┏━━
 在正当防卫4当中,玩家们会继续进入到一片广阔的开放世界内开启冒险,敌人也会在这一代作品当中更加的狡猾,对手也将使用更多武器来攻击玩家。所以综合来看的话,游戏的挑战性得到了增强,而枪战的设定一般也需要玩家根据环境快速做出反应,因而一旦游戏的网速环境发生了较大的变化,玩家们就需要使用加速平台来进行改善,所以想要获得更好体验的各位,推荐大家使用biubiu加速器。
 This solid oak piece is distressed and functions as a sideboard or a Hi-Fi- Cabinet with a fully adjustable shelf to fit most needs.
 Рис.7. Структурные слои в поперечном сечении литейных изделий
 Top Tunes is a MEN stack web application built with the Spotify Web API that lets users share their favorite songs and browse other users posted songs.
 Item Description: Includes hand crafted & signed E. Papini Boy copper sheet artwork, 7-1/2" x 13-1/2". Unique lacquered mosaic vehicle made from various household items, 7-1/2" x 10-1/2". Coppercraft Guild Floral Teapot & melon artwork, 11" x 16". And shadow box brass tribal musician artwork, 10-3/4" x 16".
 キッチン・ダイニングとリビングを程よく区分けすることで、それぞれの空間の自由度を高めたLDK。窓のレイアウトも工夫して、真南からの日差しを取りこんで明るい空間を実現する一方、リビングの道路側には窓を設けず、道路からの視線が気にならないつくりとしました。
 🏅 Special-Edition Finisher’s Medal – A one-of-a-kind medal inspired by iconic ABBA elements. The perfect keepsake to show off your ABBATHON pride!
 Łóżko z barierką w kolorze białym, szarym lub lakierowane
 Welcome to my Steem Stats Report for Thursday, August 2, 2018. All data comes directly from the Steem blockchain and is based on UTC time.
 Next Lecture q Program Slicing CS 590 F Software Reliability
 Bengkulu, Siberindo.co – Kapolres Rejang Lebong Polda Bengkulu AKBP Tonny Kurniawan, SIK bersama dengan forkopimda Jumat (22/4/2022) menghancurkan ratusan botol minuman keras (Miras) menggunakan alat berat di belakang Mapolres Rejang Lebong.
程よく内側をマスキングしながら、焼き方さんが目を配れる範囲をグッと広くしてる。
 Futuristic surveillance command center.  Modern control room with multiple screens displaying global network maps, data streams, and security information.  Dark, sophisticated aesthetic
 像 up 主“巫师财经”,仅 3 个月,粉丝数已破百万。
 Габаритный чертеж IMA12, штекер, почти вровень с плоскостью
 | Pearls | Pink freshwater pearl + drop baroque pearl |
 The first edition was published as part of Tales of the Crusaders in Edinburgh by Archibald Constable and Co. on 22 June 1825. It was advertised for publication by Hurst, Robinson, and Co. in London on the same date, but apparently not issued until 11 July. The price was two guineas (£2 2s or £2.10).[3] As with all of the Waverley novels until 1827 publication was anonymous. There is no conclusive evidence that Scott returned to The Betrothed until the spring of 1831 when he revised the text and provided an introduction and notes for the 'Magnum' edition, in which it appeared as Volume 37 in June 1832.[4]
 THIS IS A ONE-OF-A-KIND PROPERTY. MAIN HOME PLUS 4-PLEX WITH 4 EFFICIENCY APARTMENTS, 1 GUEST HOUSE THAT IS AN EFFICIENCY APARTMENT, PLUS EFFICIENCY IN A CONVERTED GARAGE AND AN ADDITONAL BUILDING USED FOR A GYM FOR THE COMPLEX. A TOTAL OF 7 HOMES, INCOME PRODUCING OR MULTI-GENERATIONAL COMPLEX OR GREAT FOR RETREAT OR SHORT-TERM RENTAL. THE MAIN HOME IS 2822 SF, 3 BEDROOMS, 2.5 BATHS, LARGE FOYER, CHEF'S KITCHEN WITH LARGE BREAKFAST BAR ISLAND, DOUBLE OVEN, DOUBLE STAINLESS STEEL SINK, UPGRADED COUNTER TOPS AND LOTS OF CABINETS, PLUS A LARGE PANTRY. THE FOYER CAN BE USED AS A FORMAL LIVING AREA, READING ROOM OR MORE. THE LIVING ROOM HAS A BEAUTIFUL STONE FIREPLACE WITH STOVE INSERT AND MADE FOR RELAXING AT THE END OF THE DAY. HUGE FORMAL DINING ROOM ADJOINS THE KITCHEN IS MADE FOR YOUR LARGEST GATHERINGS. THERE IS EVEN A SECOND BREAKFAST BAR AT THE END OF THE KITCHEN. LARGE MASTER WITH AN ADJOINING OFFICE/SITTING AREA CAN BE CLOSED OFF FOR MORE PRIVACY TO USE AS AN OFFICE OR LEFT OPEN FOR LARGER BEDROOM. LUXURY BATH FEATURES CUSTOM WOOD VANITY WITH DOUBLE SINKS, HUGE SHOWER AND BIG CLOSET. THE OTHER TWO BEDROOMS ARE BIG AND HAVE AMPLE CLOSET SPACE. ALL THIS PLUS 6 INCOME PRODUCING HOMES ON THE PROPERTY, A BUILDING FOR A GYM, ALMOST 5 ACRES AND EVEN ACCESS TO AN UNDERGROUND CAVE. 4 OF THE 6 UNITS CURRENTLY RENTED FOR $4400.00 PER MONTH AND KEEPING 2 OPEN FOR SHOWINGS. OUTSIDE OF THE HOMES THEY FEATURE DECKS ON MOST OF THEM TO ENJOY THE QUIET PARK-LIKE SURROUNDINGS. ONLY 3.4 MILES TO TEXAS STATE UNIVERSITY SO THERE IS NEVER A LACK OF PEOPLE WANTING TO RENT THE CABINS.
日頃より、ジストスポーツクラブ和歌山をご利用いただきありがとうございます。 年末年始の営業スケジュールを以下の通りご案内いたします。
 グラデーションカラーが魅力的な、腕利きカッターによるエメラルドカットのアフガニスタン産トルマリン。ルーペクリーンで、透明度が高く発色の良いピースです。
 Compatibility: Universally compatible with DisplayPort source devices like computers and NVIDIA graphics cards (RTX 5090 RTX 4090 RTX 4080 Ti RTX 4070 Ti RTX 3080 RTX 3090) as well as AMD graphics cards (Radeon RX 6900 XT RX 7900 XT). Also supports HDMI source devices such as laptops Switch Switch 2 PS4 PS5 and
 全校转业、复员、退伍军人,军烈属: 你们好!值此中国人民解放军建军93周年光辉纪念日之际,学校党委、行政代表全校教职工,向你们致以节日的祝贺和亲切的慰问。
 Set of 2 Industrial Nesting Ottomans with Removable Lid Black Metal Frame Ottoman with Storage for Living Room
┗━━
• [What the exercise asks]: Beginning with the first line above, could you copy every line exactly, up to and including the one with "Bengkulu, Siberindo.co –"?

• [The completed task]:
 在正当防卫4当中,玩家们会继续进入到一片广阔的开放世界内开启冒险,敌人也会在这一代作品当中更加的狡猾,对手也将使用更多武器来攻击玩家。所以综合来看的话,游戏的挑战性得到了增强,而枪战的设定一般也需要玩家根据环境快速做出反应,因而一旦游戏的网速环境发生了较大的变化,玩家们就需要使用加速平台来进行改善,所以想要获得更好体验的各位,推荐大家使用biubiu加速器。
 This solid oak piece is distressed and functions as a sideboard or a Hi-Fi- Cabinet with a fully adjustable shelf to fit most needs.
 Рис.7. Структурные слои в поперечном сечении литейных изделий
 Top Tunes is a MEN stack web application built with the Spotify Web API that lets users share their favorite songs and browse other users posted songs.
 Item Description: Includes hand crafted & signed E. Papini Boy copper sheet artwork, 7-1/2" x 13-1/2". Unique lacquered mosaic vehicle made from various household items, 7-1/2" x 10-1/2". Coppercraft Guild Floral Teapot & melon artwork, 11" x 16". And shadow box brass tribal musician artwork, 10-3/4" x 16".
 キッチン・ダイニングとリビングを程よく区分けすることで、それぞれの空間の自由度を高めたLDK。窓のレイアウトも工夫して、真南からの日差しを取りこんで明るい空間を実現する一方、リビングの道路側には窓を設けず、道路からの視線が気にならないつくりとしました。
 🏅 Special-Edition Finisher’s Medal – A one-of-a-kind medal inspired by iconic ABBA elements. The perfect keepsake to show off your ABBATHON pride!
 Łóżko z barierką w kolorze białym, szarym lub lakierowane
 Welcome to my Steem Stats Report for Thursday, August 2, 2018. All data comes directly from the Steem blockchain and is based on UTC time.
 Next Lecture q Program Slicing CS 590 F Software Reliability
 Bengkulu, Siberindo.co – Kapolres Rejang Lebong Polda Bengkulu AKBP Tonny Kurniawan, SIK bersama dengan forkopimda Jumat (22/4/2022) menghancurkan ratusan botol minuman keras (Miras) menggunakan alat berat di belakang Mapolres Rejang Lebong.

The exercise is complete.